To both improve its own COVID-19 testing and testing in other countries, the U.K. should support the waiver to remove intellectual property rules that may lead to higher test prices or that impedes competition. The costs of opposing the waiver and introducing additional rules that undermine the flexibility governments have under TRIPS are significant for the U.K. as well as other countries, especially LMICs.

While spending cuts this year have already hurt low-income households in the U.K., the country has also cut funding for overseas assistance work that affects the ability of LMICs to address COVID-19 and tackle ongoing crises brought on by inflation and higher food and fuel costs.  

Last July, the British government cut its aid budget from 0.7% to 0.5% of its gross national income. More recently, the U.K. halved its contribution to the World Bank’s International Development Association.

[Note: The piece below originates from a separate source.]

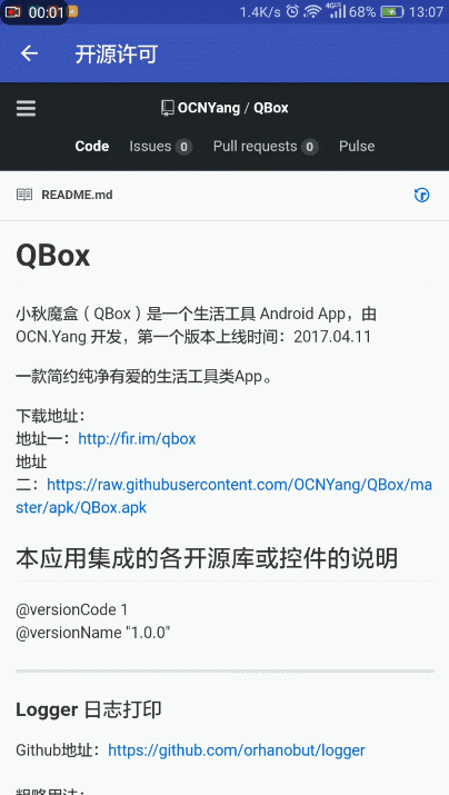 好了,对库就总结这么多吧。如果大家在玩“小秋魔盒”时遇到什么问题都可以在下方留言,如果对应用中的某个功能的实现效果有疑问也可以下方留言,如果我感觉有必要的话,会写一些相应的教程给大家。

These aid cuts make it more important for the U.K. and other high-income countries to support the original waiver proposal, which would help drive down costs, and is especially important to do as the world reels with inflation and a historically high debt crisis.

The U.K. Parliament and the U.K. public should urge the government to reverse course at WTO and work to make tests, treatments, and vaccines more widely available and affordable as new COVID-19 virus variants emerge.

No one country’s people and economy can be fully protected until all countries have the tools to protect themselves against this infectious mutating virus. It bears repeating again and again — the pandemic and its impacts are not over.